BEGIN

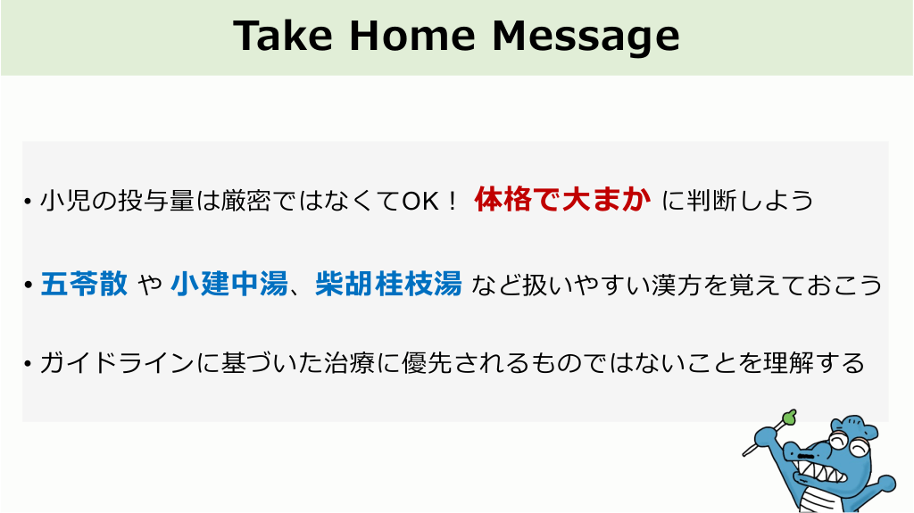 ⼩児科で使⽤する漢⽅薬のポイント • ⻑引く症状や不定愁訴に対して処⽅を考えやすい • 年齢制限などで⻄洋薬が使いにくい 精神症状 に処⽅が可能 • 最⼤の障壁はもちろん 味と臭い • ⼗分な 服薬指導 と 本⼈・保護者のやる気 が⼤切 • 各種ガイドラインに基づいた治療に優先されるものではない 悩める⼩児に対する使いやすい武器の⼀つ ご家族の希望もある場合は特に扱いやすい選択肢 #4.
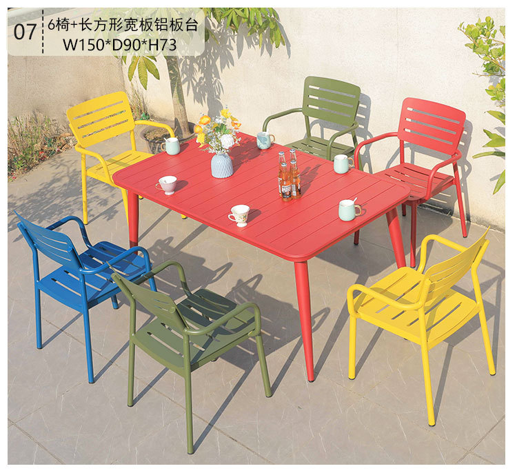 • 조합 7: 의자 6개 + W150*D90*H73 직사각형 와이드 플레이트 알루미늄 플레이트 테이블
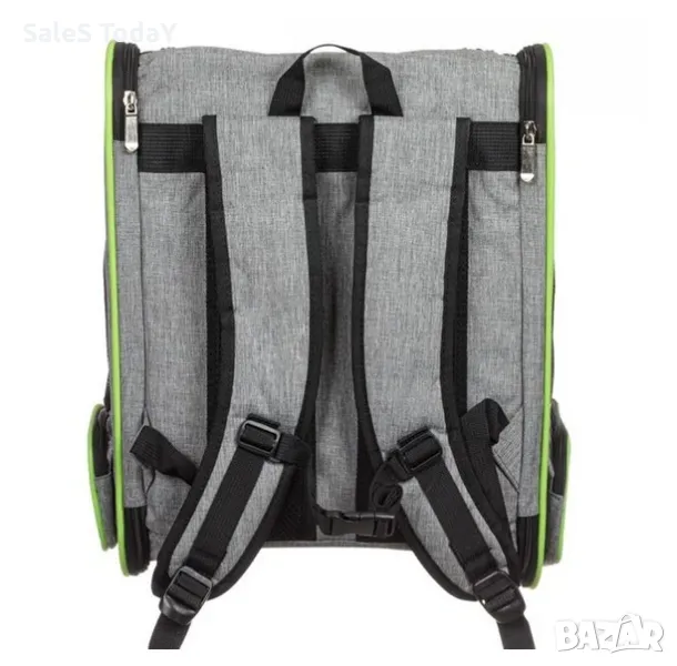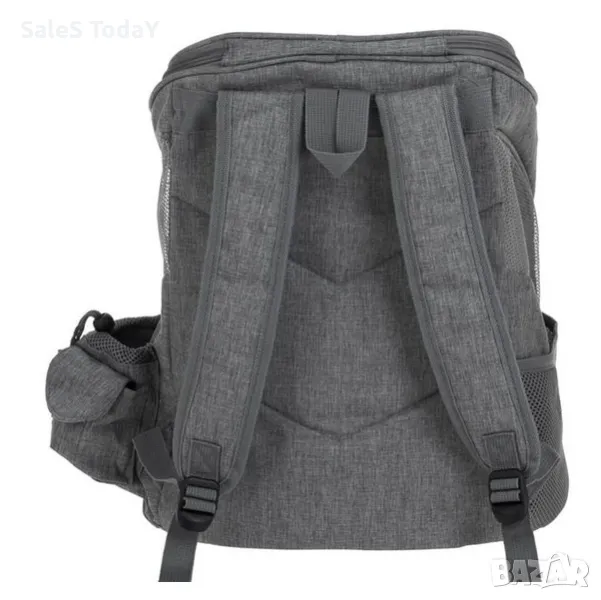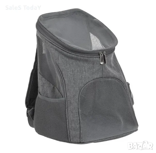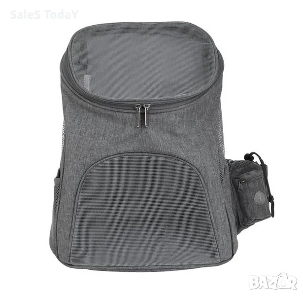 Раница за носене на домашни любимци с дръжка, в сив цвят с 1 голям страничен джоб с мрежа от едната страна и 2 малки с копчета и цип, за съхранение на всички необходими аксесоари и с вградена каишка, която се прикрепя към нашийника за фиксиране на домашния любимец. Той е стабилен, тъй като поддържа формата си, осигурявайки удобна и просторна среда за вашите космати приятели. Има мрежа, която позволява на въздуха да циркулира и голям отвор, за да може вашият домашен любимец да гледа навън. Подходяща е за малки/средни домашни любимци до 6 кг.

END

# [TASK DETAILS]
Transcribe the material as is, with images omitted.

# [EXERCISE RESPONSE]
 ⼩児科で使⽤する漢⽅薬のポイント • ⻑引く症状や不定愁訴に対して処⽅を考えやすい • 年齢制限などで⻄洋薬が使いにくい 精神症状 に処⽅が可能 • 最⼤の障壁はもちろん 味と臭い • ⼗分な 服薬指導 と 本⼈・保護者のやる気 が⼤切 • 各種ガイドラインに基づいた治療に優先されるものではない 悩める⼩児に対する使いやすい武器の⼀つ ご家族の希望もある場合は特に扱いやすい選択肢 #4.
 • 조합 7: 의자 6개 + W150*D90*H73 직사각형 와이드 플레이트 알루미늄 플레이트 테이블
 Раница за носене на домашни любимци с дръжка, в сив цвят с 1 голям страничен джоб с мрежа от едната страна и 2 малки с копчета и цип, за съхранение на всички необходими аксесоари и с вградена каишка, която се прикрепя към нашийника за фиксиране на домашния любимец. Той е стабилен, тъй като поддържа формата си, осигурявайки удобна и просторна среда за вашите космати приятели. Има мрежа, която позволява на въздуха да циркулира и голям отвор, за да може вашият домашен любимец да гледа навън. Подходяща е за малки/средни домашни любимци до 6 кг.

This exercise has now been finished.